Quem conta um conto #20 Aquelas paredes
Entrou pela casa que não era sua, na calada da noite. Tremia de ansiedade, o estômago revolto lembrava-lhe que a última vez que ali tinha estado sentira que seria a última. E ali estava ela, como que dando um passo atrás na esperança de ainda conseguir recuperar o que naquelas quatro paredes se perdera, algures, sem que tenha percebido como ou porquê.
Como não percebera?
Ainda sentia o seu cheiro no ar, e as memórias da última noite ali naquele espaço ainda estavam muito presentes. Mas as suas coisas já não estavam como as deixara. As suas coisas que outrora enchiam prateleiras e davam o toque feminino àquelas paredes estavam agora em sacos, devidamente arrumados num canto da casa, como se nada daqueles objetos tivessem feito realmente parte daquelas paredes, um dia. Achou, um dia, que aquelas paredes também eram um pouco suas, mas percebeu que nunca foram realmente. Queria encher novamente a casa de cor, de paixão, de amor, mas apenas ouvia silêncio. Queria sentir o calor que outrora sentiu, mas o frio ar, gelou-lhe os pensamentos, as sensações, os ossos. Aquela terrível sensação de perda... Queria chorar. Queria chorar mas sabia que não deveria, para não estragar a forma como se queria mostrar. Queria esperar firme e forte, apesar de estar mais assustada que uma criança pequena na casa fantasma. Engoliu cada lágrima, sentiu cada uma como uma facada bem firme na alma, no coração. Achou que aquele amor um dia prometido lhe pertencera um dia, hoje já não tinha essa certeza.
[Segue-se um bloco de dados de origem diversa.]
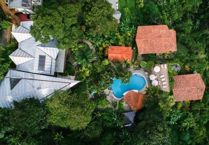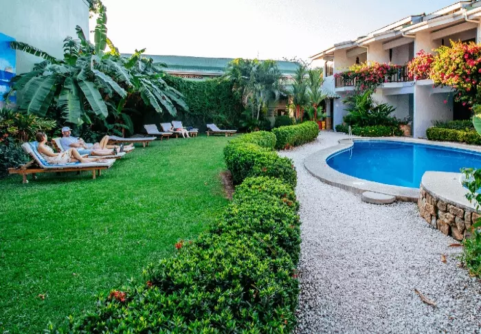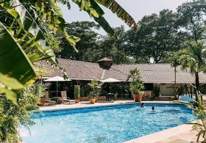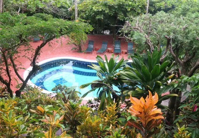 Hotellet har endast 25 rum och är byggt kring en liten frodig trädgård med pool och spabad i mitten. Här kan du slappna av i en solstol med en bra bok och njuta av en svalkande dryck eller en kopp gott costaricanskt kaffe från hotellets bar.
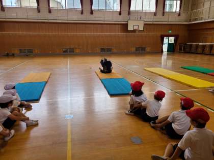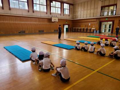 成南中学校の先生から、前転がりのコツを教えていただきました。
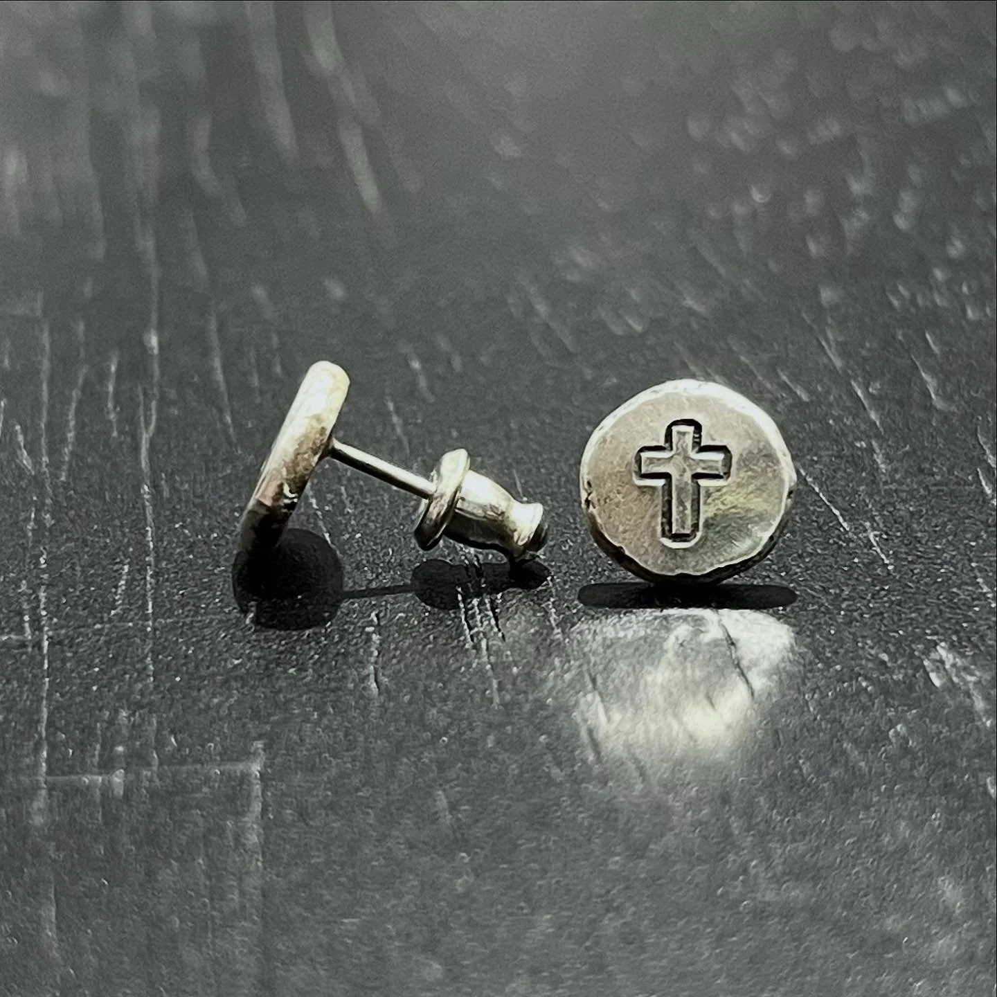 These hand-stamped earrings are made with recycled silver that is hammered flat in my shop.
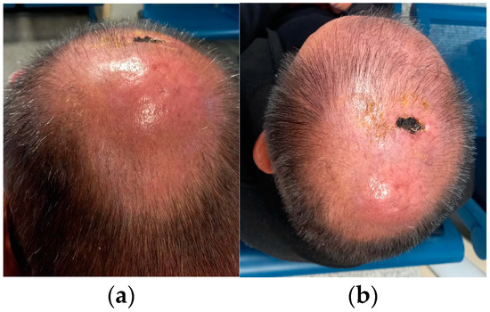 The vertical extramedullary tumor with necrotic appearance and the parietooccipital erythematous lesion of the patient with granulocytic sarcoma. (a) The back view shows erythematous swelling; (b) The view from the top; dried exudate and necrotic ulcer-like appearance of the sarcoma.

No silêncio das paredes, conseguiu ouvi-los lá longe, muito baixinho. As brincadeiras toscas, os risos de meninos, as apalpadelas surpresas, os beijos inesperados, os abraços sofridos. Aquelas paredes tinham testemunhado tudo. Promessas, surpresas e brincadeiras, mas também sofrimento, mentiras e lágrimas. Olhou mais uma vez e conseguiu até mesmo vê-los a correr pela casa. Quem os via sempre dizia: Não se comportam com a idade que têm.
Mas hoje já não corriam, deambulavam afastados. Quem os visse não diriam que eram os mesmos meninos de outrora. Cúmplices. Matreiros. Quem os visse hoje já não veria como antigamente brilhavam os seus olhos.
O brilho perdido...
Entrou pela casa que não era sua, na calada da noite sem saber o que esperava encontrar. Sabia que já nada poderia encontrar, apenas vazio. Mas reconheceu, assim que ouviu a chave a rodar a porta, com ele do outro lado, a entrar naquela que era a sua casa, a força que pretendia e precisava para quem sabe a chama daquelas paredes voltar a encontrar.